Ok for the last couple of years i have searched and looked for a rim that is close to what the spec V rim looks like.. i LOVE the look of the spec V 5 star and would get it.. only problem is i have a B14 not a B15.... SE-L 
i know that the lug spacing is different and the b13/14's have a different one of their own.. then i thought.. well.. why not get spacers that convert from the what ever my lug nut spacing is to what ever the b15 is.. (im sure it will be mentioned later in this thread) 
well.. here is what i came up with so far.. and maybe you guys can help me out and help me find the BEST immitation of the spec V 17" rim....

here is the Katana inspire rim.. not sure how much these rims weigh in at either.. 









there is also the Focal F5's i beleive is the rim.. those kinda resemble the spec V rim.. but.. it has slanted holes in it.. ill see if i can find the pic of it.. 
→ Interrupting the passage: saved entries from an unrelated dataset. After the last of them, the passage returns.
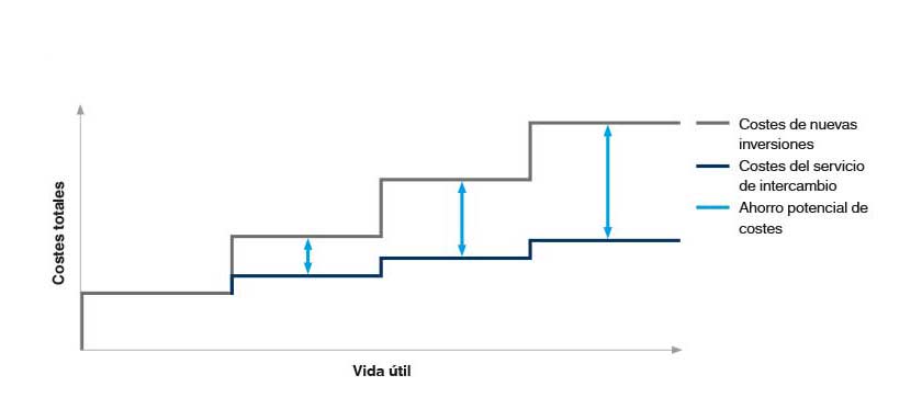Evolución típica de los costes de un sistema de sellos separadores con transmisores de proceso
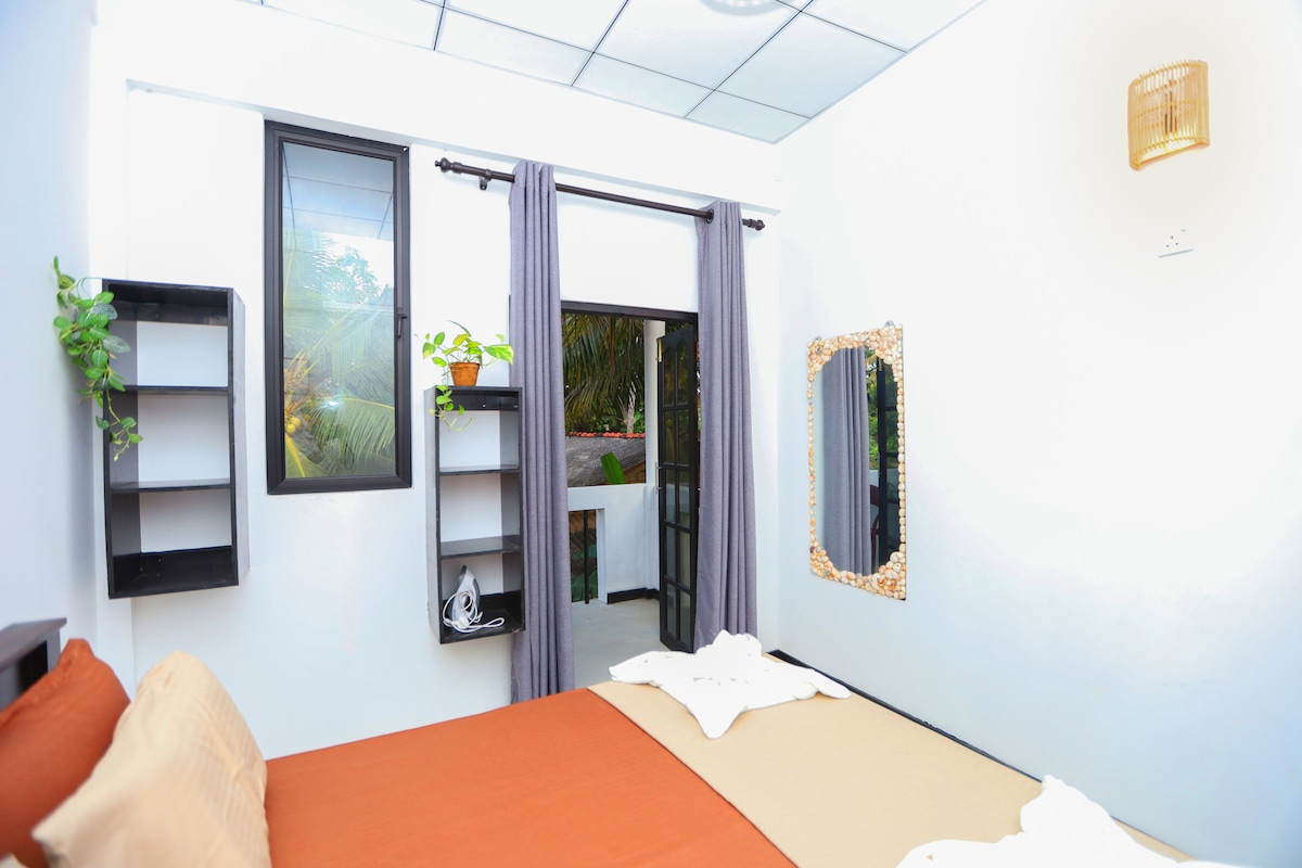 DevilRock Bungalows features two distinct accommodations, SAND and OCEAN, both located in the same charming house, which was once the old teachers' house in Kapparathota, where children used to gather for Sunday school. Newly renovated in late 2024 and early 2025, both bungalows offer modern comforts while retaining their unique charm. Although they share a common structure, each bungalow provides total privacy and offers a unique ambiance, making them feel like two worlds apart. This is SAND!
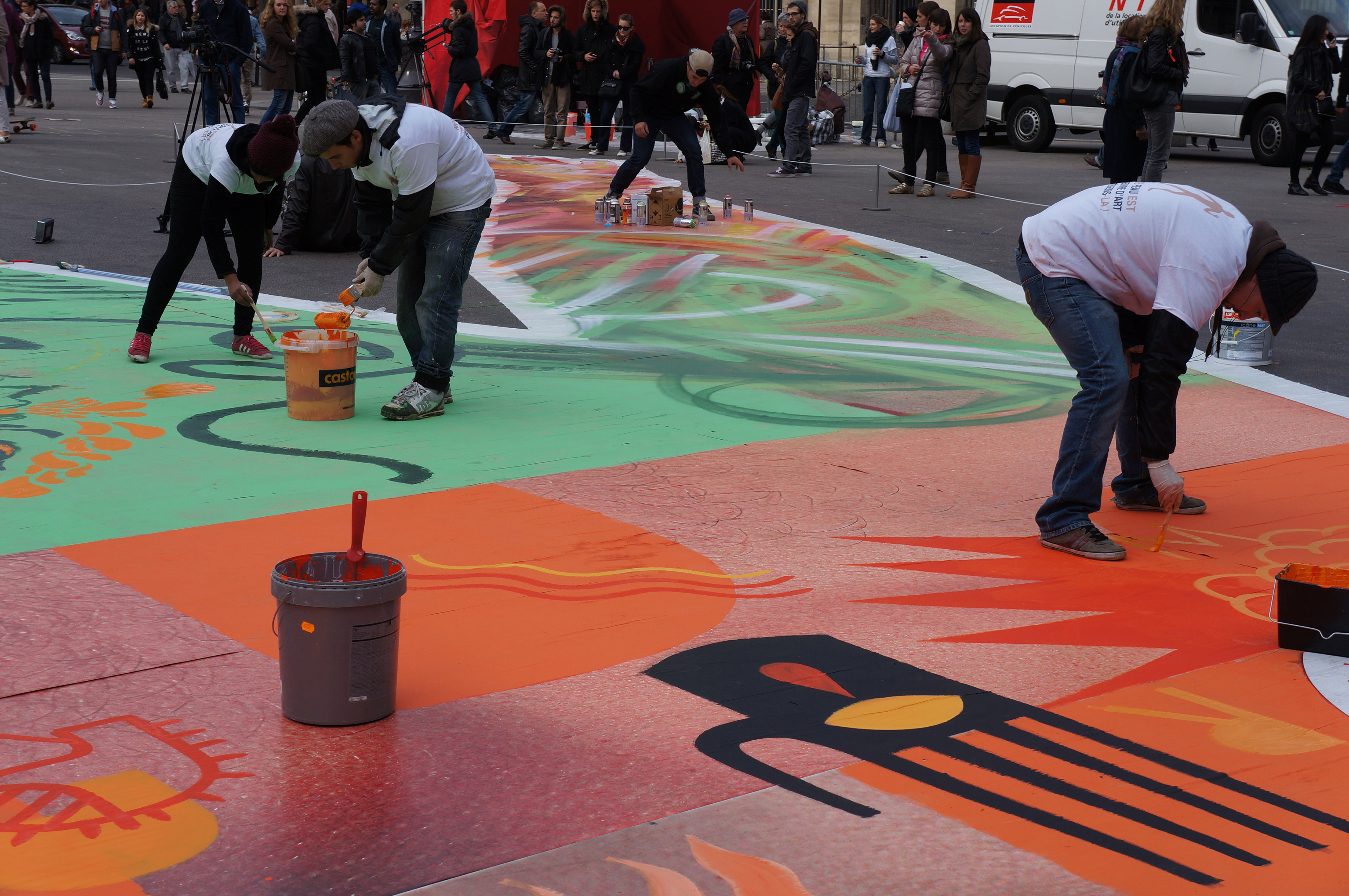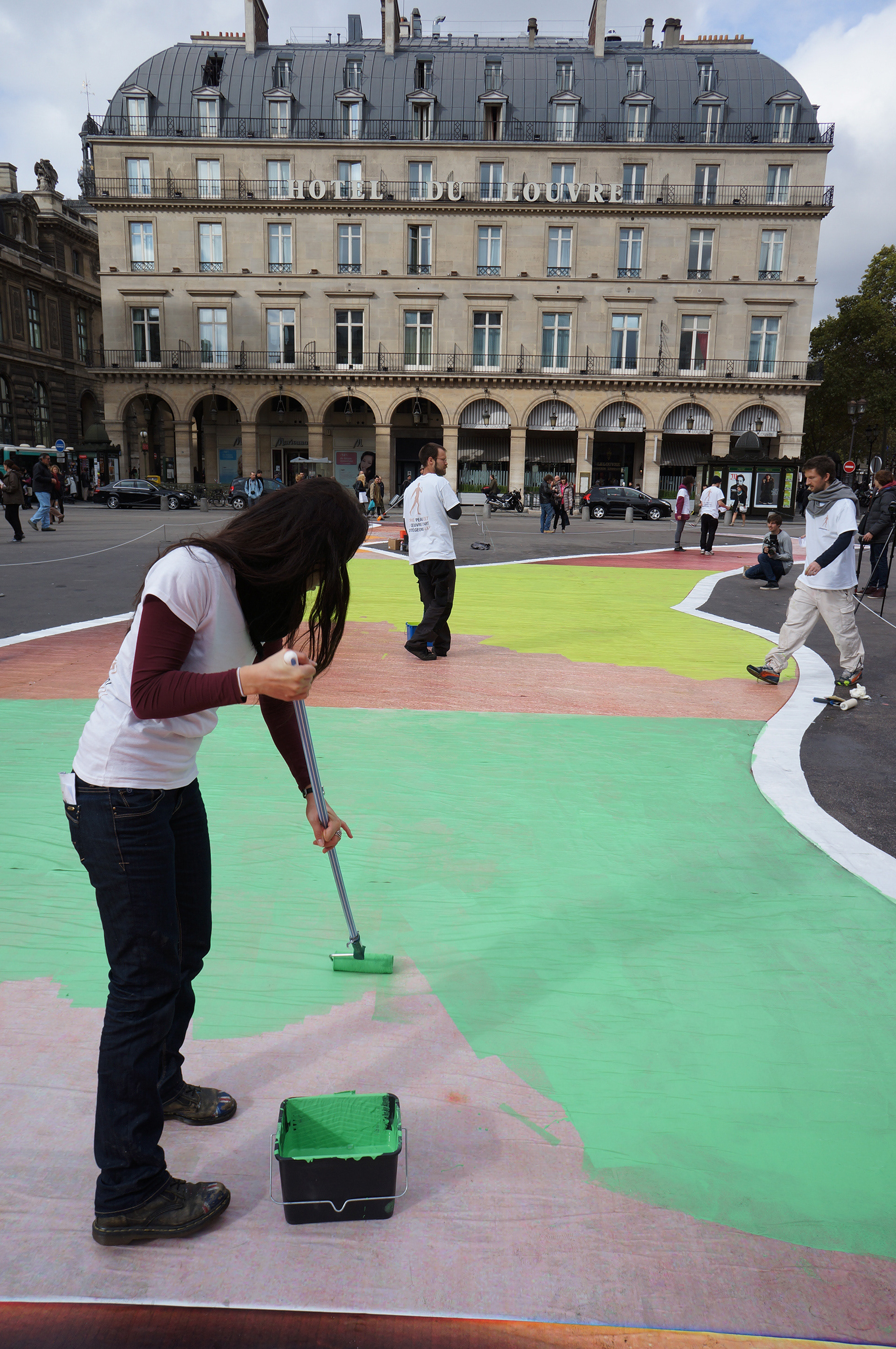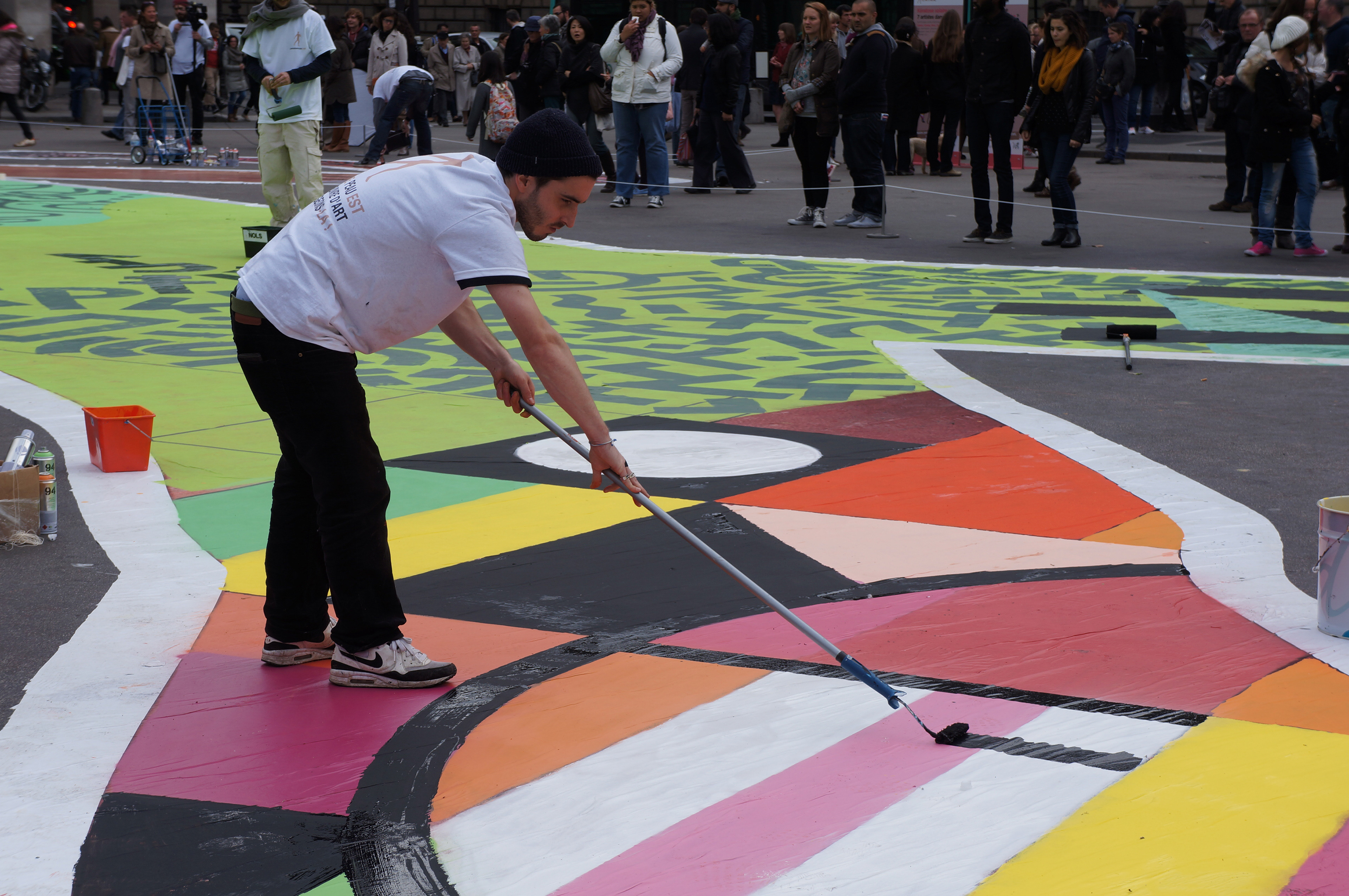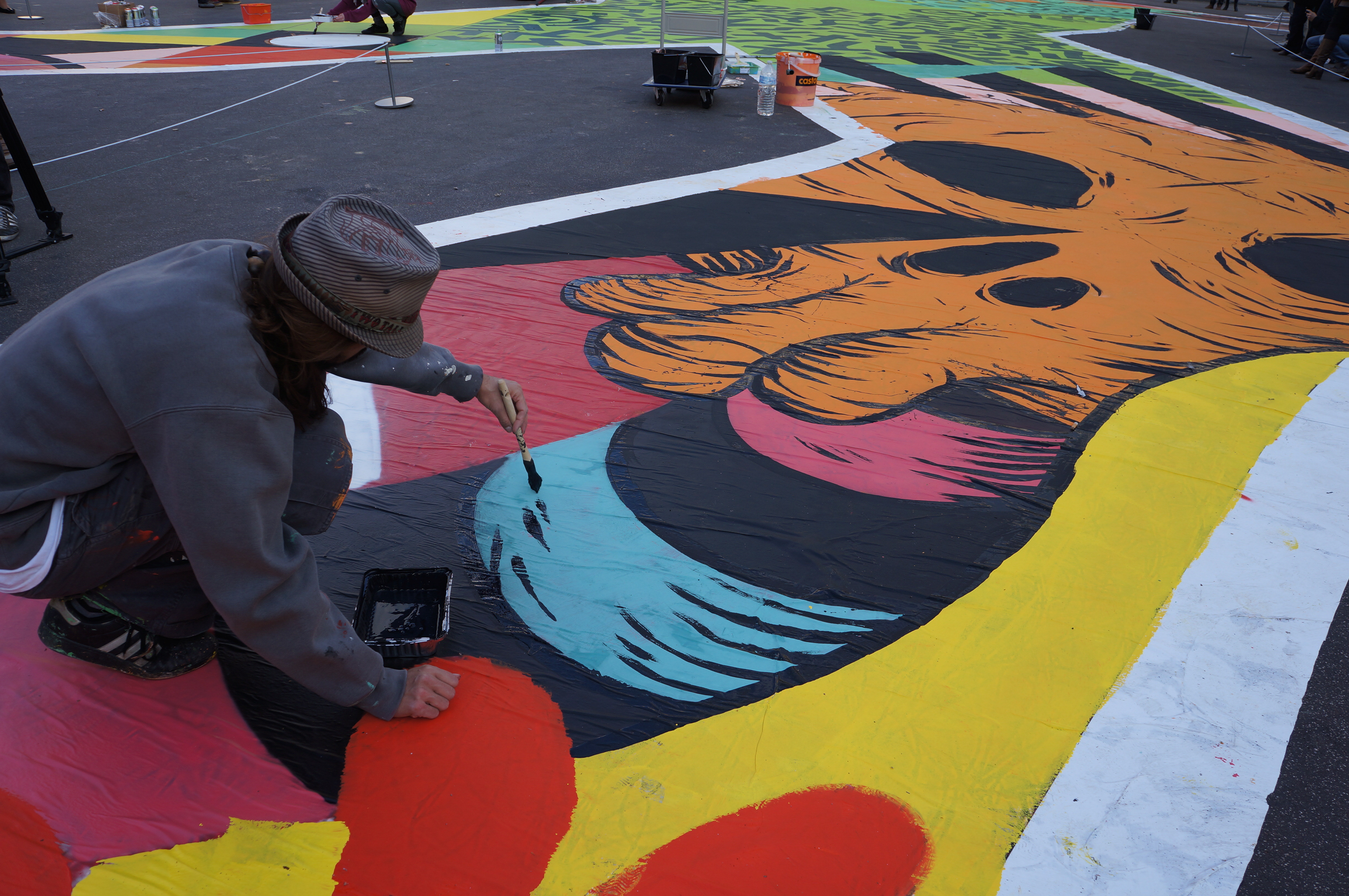 As part of a health prevention action to raise public awareness of an unknown skin disease, a giant figure stuck to the ground from 25 photographs of skin pieces was imagined and made on the Palais Royal Place in Paris. This human body of 750m2 was then customized by 7 street artists according to a chromatic code to create an artistic cartography of the sensitive areas related to the disease.

there are many other rims that are 5 stars.. but the shape im lookin for.. is instead of most 5 stars that have the bigger end towards the lug nuts.. and then gets smaller towards the lip.. the spec V as you all know has the larger end of the star towards the lip and gets smaller and curves inward a little bit near the lug nuts..
so any ideas.... ????
Travis


----------



## dry (Oct 21, 2002)

mille miglia make a good Spec V look alike rim, I'll find a pic in a minute.

*edit* here ya go


----------



## sentravis (Jul 7, 2002)

yeah that was another that i noticed.. and that was the closest i think.. but i dont think they made a bolt pattern to fit the b14 did they? Travis


----------



## go4broke44 (Jan 14, 2003)

i believe we have 4x100 for the B14's
look for that size, when browsing rims


----------



## dry (Oct 21, 2002)

they are 4x100, I dunno what offset, but they are probably expensive anyway.


----------



## sentravis (Jul 7, 2002)

so did we just give up? lol i havnt.. i still want to find the best lookin, fitting rims.. Thanks so far.. Travis


----------



## sentravis (Jul 7, 2002)

so do they make spacers that fit our fitment.. and if so.. do they make them so that they would go from our 4 lug .. to a different size lug fitment? Travis


----------